Filler words
Include filler words in transcription with filler_words=true
Filler words such as "um", "uh", "like", and "you know" are a natural part of spoken language. You can decide whether to include or exclude them from your transcript depending on what you're using the transcript for.
By default, Aldea removes filler words from the output to produce clean, readable text. However, you can preserve every utterance spoken in your verbatim by adding filler_words=true as a query parameter. This is useful for verbatim transcription or conversation analysis where hesitations carry meaning.
The following request shows how to include filler words in the output:
curl -X POST "https://api.aldea.ai/v1/listen?filler_words=true" \
-H "Authorization: Bearer YOUR_ALDEA_API_KEY" \
--data-binary @audio.wavfiller_words | Transcript |
|---|---|
false (default) | "I think we should move forward with the project." |
true | "I think, um, we should, you know, move forward with the project." |
Filler word detection is available for English only.

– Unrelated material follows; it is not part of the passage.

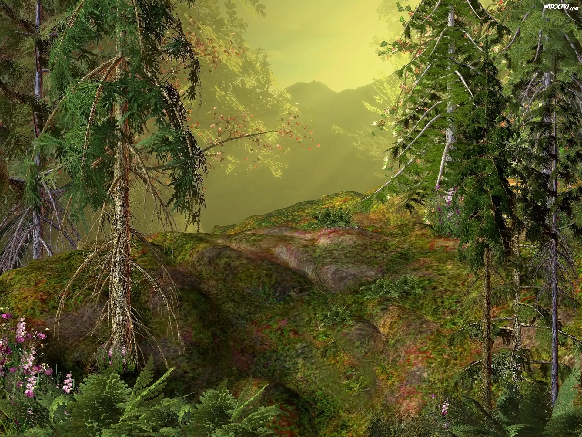 Drzewa, Las, Góry, 3D

When to include filler words
Filler words carry meaningful signals in contexts such as:
-
Conversation analysis and research: Linguists, UX researchers, and communication coaches study hesitation patterns to understand speaker confidence, cognitive load, and conversational dynamics. Removing fillers strips away the data they need.
-
Legal and compliance transcription. Verbatim court transcripts, deposition records, and regulatory proceedings often require every spoken word to be documented. Omitting fillers could be considered an incomplete record.
-
Sentiment and intent analysis. A customer who says "I, um, I guess the product is... fine" is communicating something different from one who says "The product is fine." Filler words and hesitation patterns can signal uncertainty, dissatisfaction, or discomfort that a cleaned-up transcript obscures.
-
Speaker coaching and training. Sales teams, public speakers, and media trainers use filler word frequency as a measurable metric for improvement. Preserving fillers in training session transcripts makes that analysis possible.

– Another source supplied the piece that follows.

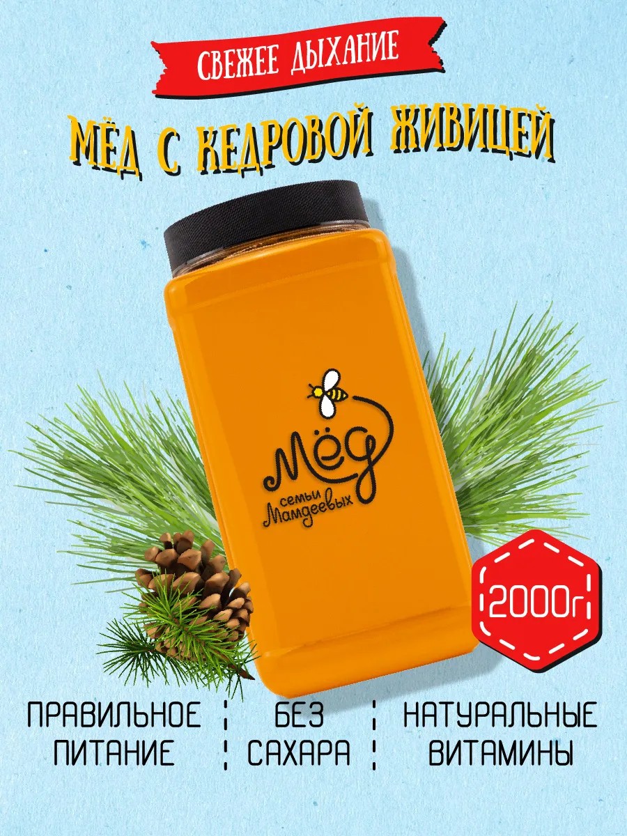 Мёд семьи Мамдеевых Мед с кедровой живицей, 2 кг, пп, сладости

When to exclude filler words
For most production use cases, the default behavior where filler words are removed produces the best result:
-
Meeting notes and summaries: Most readers want the key take aways from a discussion, not a record of every word. Clean transcripts are faster to read and easier to summarize.
-
Subtitles and captions: Screen space is limited, and some fillers may bring visual clutter without adding any value for the viewer.
-
Content publishing: Podcast transcripts, interview articles, and blog posts read better without fillers. Published text follows written conventions, not spoken ones.
-
Chatbot and voice assistant logs: When transcribing user commands or queries, fillers interfere with intent parsing. For example, the phrase "Um, set a timer for, uh, five minutes" could be harder to parse than "Set a timer for five minutes."